1. If there are significant obstacles to settlement, inform the mediator before the mediation session.
2. If you intend to invite a non-party to the mediation, clear it with the other party or the mediator first. Confrontations at the start over who is allowed to participate are counter-productive.
3. Make an opening statement. But make sure it’s the persuasive — not poisonous — variety. (This will be the subject of an upcoming post — stay tuned.)
4. Be willing to make the first proposal. There is value in “anchoring” the negotiation in your client’s acceptable range (assuming it’s realistic! see #5).
5. Ensure that your client’s demand or offer is realistic and can be justified. And be prepared to explain how you arrived at it. A plaintiff who makes an exorbitant demand inevitably ends up crowing later that “I’ve cut my initial offer in half, while the defendant has only increased its offer by a fraction.” Sure, but fifty percent of ridiculous is still absurd. The same could be said for a defendant who insists that he’s doubled his opening offer of $10. Two times minuscule is still paltry.
6. Be willing to engage in the “dance” of the negotiation.
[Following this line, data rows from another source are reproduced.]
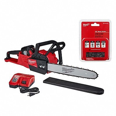Battery-Powered Chainsaw Kit Product Type Cordless Chainsaw Kit Power Source Cordless Bar Length 16 in Handle Location Rear Handle Chain Oiler Automatic Tool Weight 13.9 lb Number of Batteries to Operate 1 Battery Capacity 12.0 Ah Bare Tool/Battery Included Battery Included Battery Platform M18(TM) REDLITHIUM(TM) Number of Batteries Included 1 Number of Chargers Included 1 Motor Type Brushless Equivalent Gas Engine Displacement 40 cc Voltage 18 V Tool Height 10 in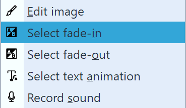 ![]() Set Fade-in or Fade-out from the context menue If you right-click on an object in the Timeline, the context menu opens. There you will find a selection point for Fade-in and for Fade-out, which you can use to specify the desired fading. |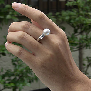 程よい大きさのパールをシンプルに、ストレートで幅広のしっかりしたウデのリングです。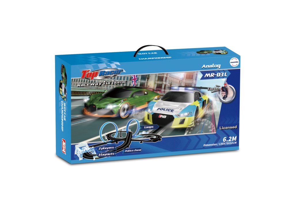 Erleben Sie spannende Rennen mit der Top Racer Autorennbahn von 6,2 Metern Länge, die Action direkt in Ihr Wohnzimmer bringt! Das Set enthält zwei detailreich gestaltete Fahrzeuge – ein Sportwagen und ein Polizeiauto, sodass Sie sich auf eine ordentliche Verfolgungsjagd einlassen können.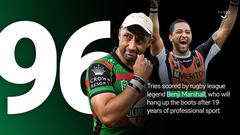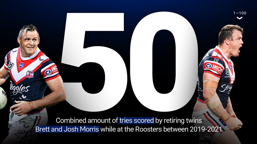 The number of retirees in 2021, including a quartet of greats from the Roosters - Boyd Cordner, Jake Friend, Brett Morris and Josh Morris - and the evergreen Benji Marshall, whose 346th and final appearance came in the decider with Souths.
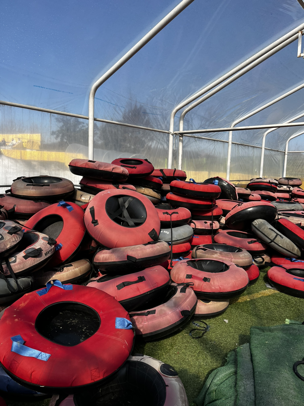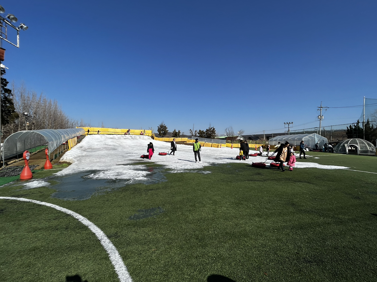 그런데 기우였다. 아침 일찍부터 부지런 떨어서 그랬는지 눈썰매장에 사람이 생각보다 많지 않았다. 눈썰매 언덕이 처음에 탔던 것보다 높지 않아서 왔다 갔다로 시간을 뺏길일이 많이 없을 것 같았다. 또 눈썰매를 많이 재밌게 탈 수 있겠단 생각에 설렜다. 처음 탔을 때와 똑같은 튜브로 된 썰매였기에 아이가 재밌게 탈 줄 알았다. 그렇게 내가 생각한 대로 되면 참 좋았으려 만.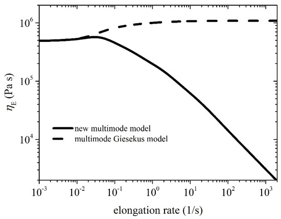 Model prediction of the steady-state uniaxial elongational viscosity. The parameter values are the same as those used in Figure 2 except ξ = 0. The multimode Giesekus model prediction is also depicted (black dashed line).

Trying to “cut to the chase” prematurely can be misleading to the other side. Studies have shown that people are inherently accustomed to engaging in the give-and-take, the exchanging of demands and offers, and they get confused when the other party tries to short-circuit that process by leaping to its “bottom line” or “top dollar.”
7. Explain to your client that your role is different in a mediation than it is in the courtroom. Sure, mediations (especially the joint sessions) call for advocacy. But they also require the attorney to put on a “counselor” hat, engaging in reality-checking with the client about the risks and possible unfavorable outcomes of litigating. This is perhaps the most challenging aspect of mediations for trial lawyers.
8. If your client will require a particular form of settlement agreement, show it to the other side in advance or early in the process. This helps avoid surprises at the end.
9. Remind your client that in almost all cases, the other party will somehow need to justify the resolution in their own minds (or to a spouse or someone else whose opinion they value). So in order for them to accept a proposed settlement, they must feel like they “got something” or at least “saved face.” Sometimes you can offer things that mean more to the other side than they cost to your client.
10. If your client’s offer or demand is the best and final proposal, tell the mediator to characterize it that way to the other side. Also, if you say it’s take-it-or-leave-it, make sure your client means it.